Here are two approaches that are more memory and time efficient
An approach using Filter
Filter(function(x)!all(is.na(x)), df)
and an approach using data.table (for general time and memory efficiency)
library(data.table)
DT <- as.data.table(df)
DT[,which(unlist(lapply(DT, function(x)!all(is.na(x))))),with=F]
examples using large data (30 columns, 1e6 rows)
big_data <- replicate(10, data.frame(rep(NA, 1e6), sample(c(1:8,NA),1e6,T), sample(250,1e6,T)),simplify=F)
bd <- do.call(data.frame,big_data)
names(bd) <- paste0('X',seq_len(30))
DT <- as.data.table(bd)
system.time({df1 <- bd[,colSums(is.na(bd) < nrow(bd))]})
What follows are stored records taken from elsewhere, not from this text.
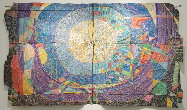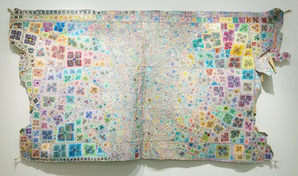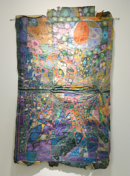 米袋、色鉛筆、ポスカ、ボールペン、鉛筆 154×80cm
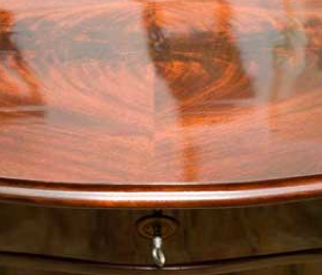Neue Schellack-Hand-Politur eines Halbschrankes (Mahagoni furniert, Louis-Philippe, um 1870/90)
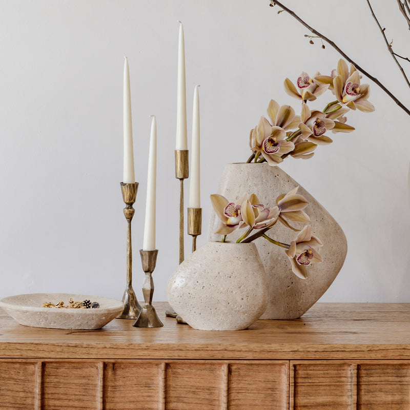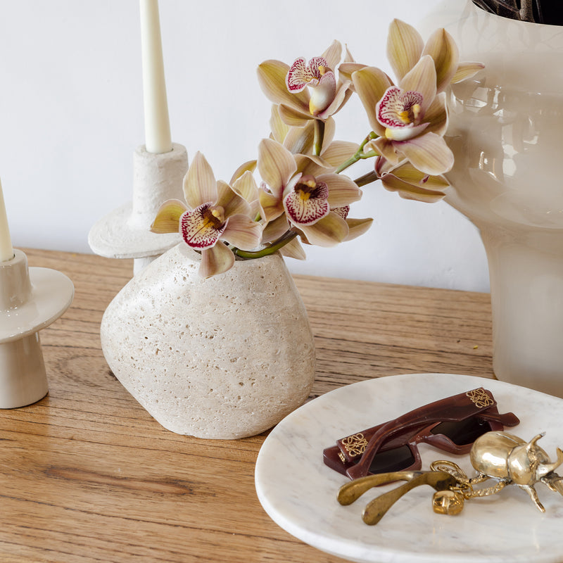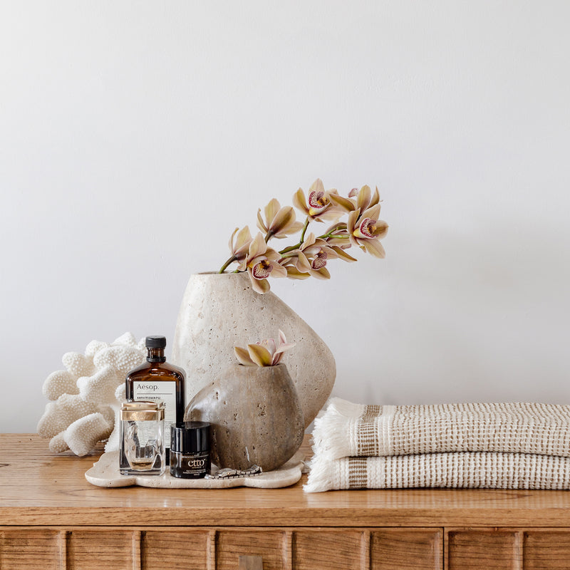 Elevate your home decor with the Hawk Travertine Vase, a true statement piece that marries natural beauty with modern design. Looking beautiful in any home, even when empty.
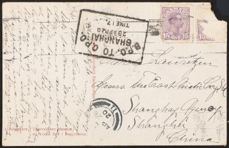 2548/4881GlostrupKina. Postkort med fejl og defekte frimærker men med sjældent kassestempel B.P.O. TO C.P.O SHANGHAI 28 APR 20.
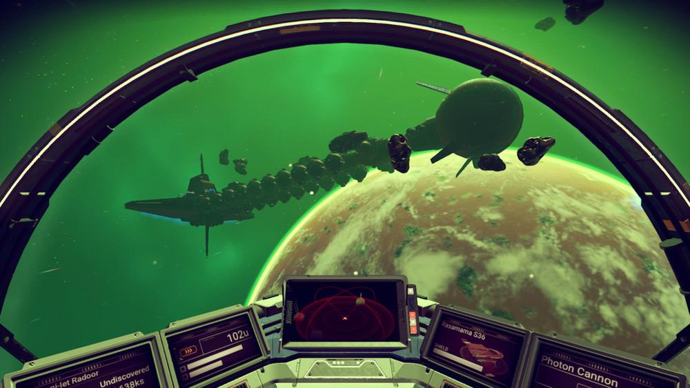 于是,本月我们迎来了《无人深空》,一款由位于英国吉尔福德的小团队Hello Games开发的作品。它提出了一个极为吸引人的概念:由算法生成游戏中你目所能及的所有星球,然后再把玩家随机丢到其中一个,这些星球数量之巨,甚至远超过往。对新涌入的玩家而言也足够惊叹了,在把飞船修好并加满燃料后,他们终将可以亲自体验这种奇妙的宇宙冒险。导航地图上跳出一个新的待探索星球,然后接着是下一个、下一个,以及再下一个……

# error -- can't allocate vector of size ...
system.time({df2 <- bd[, !apply(is.na(bd), 2, all)]})
# error -- can't allocate vector of size ...
system.time({df3 <- Filter(function(x)!all(is.na(x)), bd)})
## user system elapsed
## 0.26 0.03 0.29
system.time({DT1 <- DT[,which(unlist(lapply(DT, function(x)!all(is.na(x))))),with=F]})
## user system elapsed
## 0.14 0.03 0.18
回答3:
dplyr
now has a select_if
verb that may be helpful here:
library(dplyr)
temp <- data.frame(x = 1:5, y = c(1,2,NA,4, 5), z = rep(NA, 5))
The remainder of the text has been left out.